A Dusty Year
Wednesday, January 2, 2008 at 10:05PM As I look back on 2007, I am reminded of the potholders I made as a kid. Loops of nylon woven into colorful squares filled with lumps, bumps and holes. No matter how many mistakes, I always considered them beautiful and proudly gave them to my mom to use in the kitchen.
My mommy memories of the past year have been rich, plentiful and filled with bumps that I wish hadn’t happened. An especially fun parenting moment was when my six year old had a play date in which she and her friend took a bath in bathing suits. Little did I know that the mom had gone to work and left supervision of the kids to the dad who was outside overseeing the construction of the pool. Needless to say, I now check the mom’s schedule and much more.
And then there was when my five-year old daughter broke her arm on the monkey bars at the park.
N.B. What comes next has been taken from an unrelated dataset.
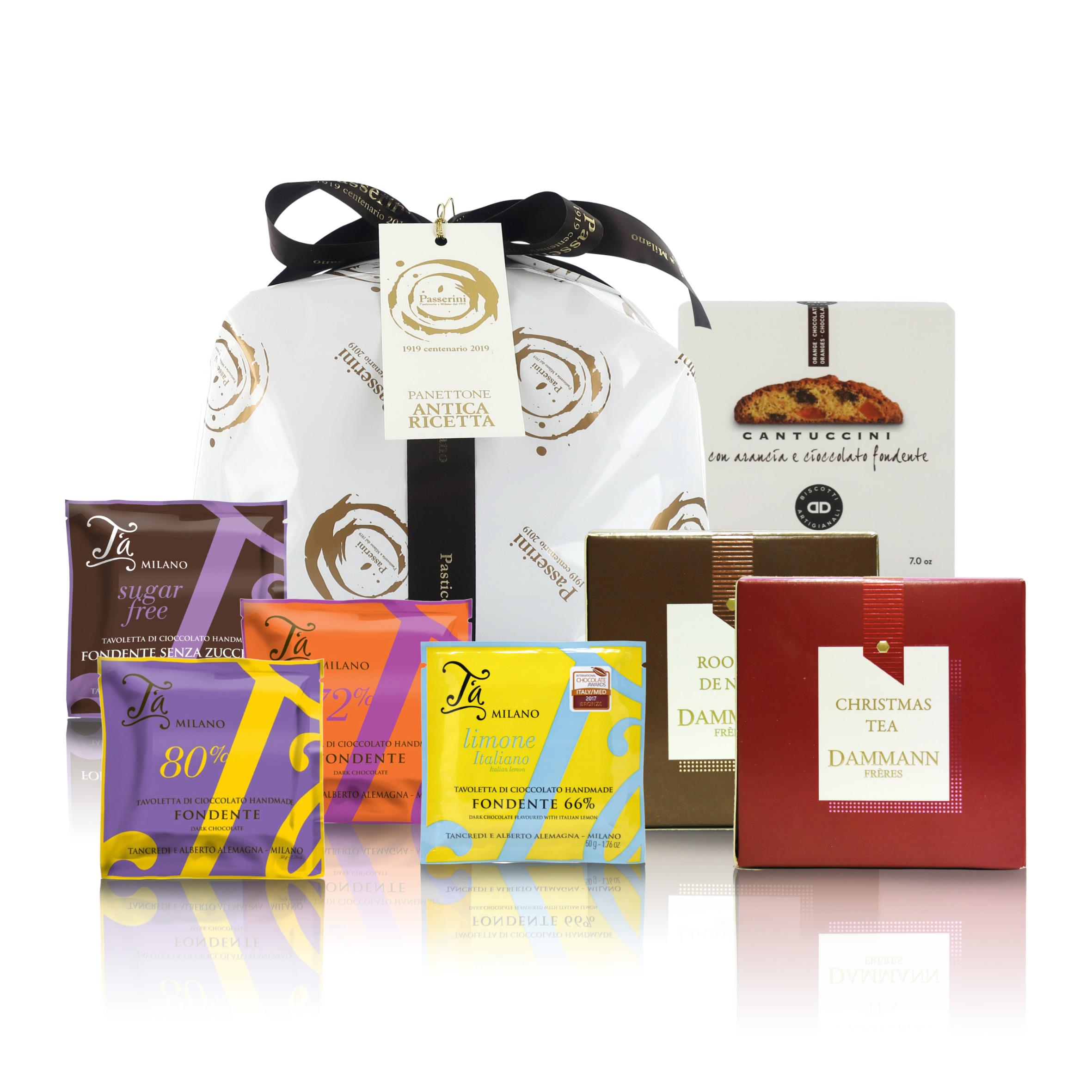 1 PANETTONE Passerini da 1kg, 4 TAVOLETTE DI CIOCCOLATO fondente T'a Milano (50g l'una, in 4 versioni: 72% / 80% / senza zucchero / 66% aromatizzato al limone italiano); 2 CONFEZIONI DI TÈ Dammann Frères [varianti: tè nero natalizio, 25 bustine (50g); rooibos natalizio, 25 bustine (50g)]; 1 confezione di CANTUCCI Deseo con arancia e cioccolato fondente (200g).

I’m not sure what to learn from that one…forbid her to do monkey bars and instill her with a fear of heights and ‘what if’? My own neuroticism of saying ‘be careful’ a thousand times has done probably enough of that. I am just glad that I headed to the local hospital where she received outstanding attention and care.
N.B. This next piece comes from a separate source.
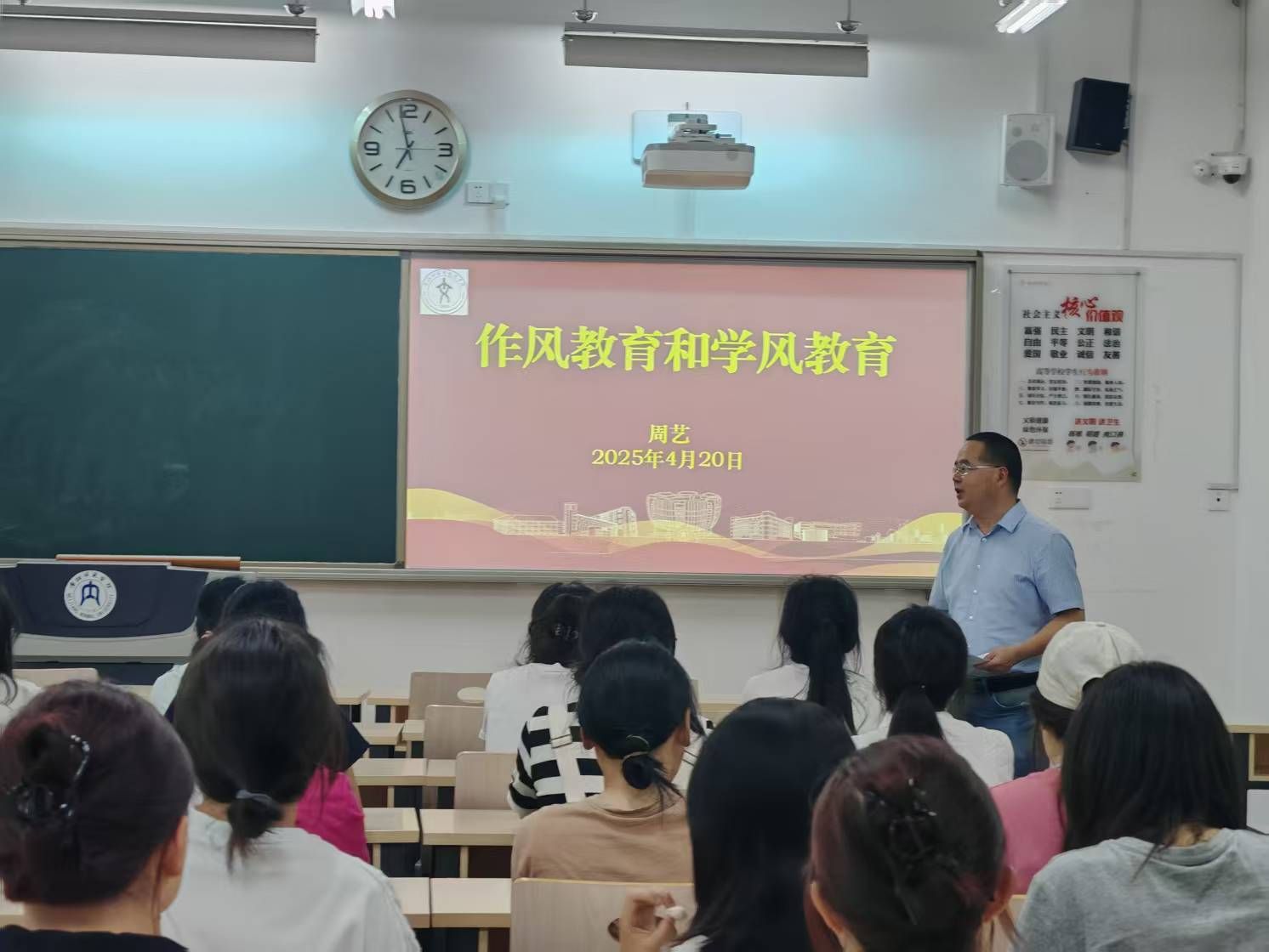 2025年4月20日,公司党委书记周艺深入联系班级2024级7班数字人文专业,为同学们带来了一场主题为《作风教育与学风教育》的党课,并参加了班级班会活动。此次党课与班会紧密结合,旨在深入贯彻中央八项规定精神,进一步加强学风建设,引导员工树立正确的学习态度和价值观。2024级7班班主任陈康哲及全体同学参加了此次会议。

But between those whines of ‘I don’t want to go to school’ and ‘why do I have a sister?’ there have been incredible moments of sweetness. When my youngest told me, “I love you so much, I want to be you” my heart fluttered. My oldest recently decided that she wants to be called Bob and the younger one, Lulu. We laughed so hard over their new identities that my side hurt. The innocence of their young ages is a daily reminder of what is really important: lip gloss and candy.
For the non-mommy side of myself, I have had moments of happiness from writing this column and working on my film. I still push myself too hard, a bad habit leftover from the Hollywood days when twelve-hour workdays and countless meetings were never enough, even if your film was a blockbuster. Next year, I hope to return to my love of traveling since we no longer have to haul a nursery with us each time we step out the door. I also want to spend more time with friends--I just don’t have enough adult conversation in my life.
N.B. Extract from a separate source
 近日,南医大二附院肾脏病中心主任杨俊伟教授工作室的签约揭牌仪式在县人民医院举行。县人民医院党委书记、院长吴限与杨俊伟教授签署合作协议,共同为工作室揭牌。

Throughout this year, there has been one constant in our lives: the reconstruction of Bluebird Canyon. We live right next to the landslide and experience the almost daily grind of machines and dust coating our house. My emotions have fluctuated depending on the type of day I am having. Some days, I feel grateful that we have our house yet saddened for those who are homeless. Other days, I am annoyed as to why it is taking so long and refuse to smile at the workers on their coffee break.
That is why the opening of the Flamingo Road is one of my favorite memories of 2007. On a beautiful sunny day, we were reminded of the power of community and dedication to a task. As I looked around at my neighbors, my eyes filled with tears. Fresh air, strong schools and a tight knit community were the reasons my husband and I moved our family here four years ago.
As I watch Bob and Lulu climb the hill where there is so much work yet to be done, I know we made the right move.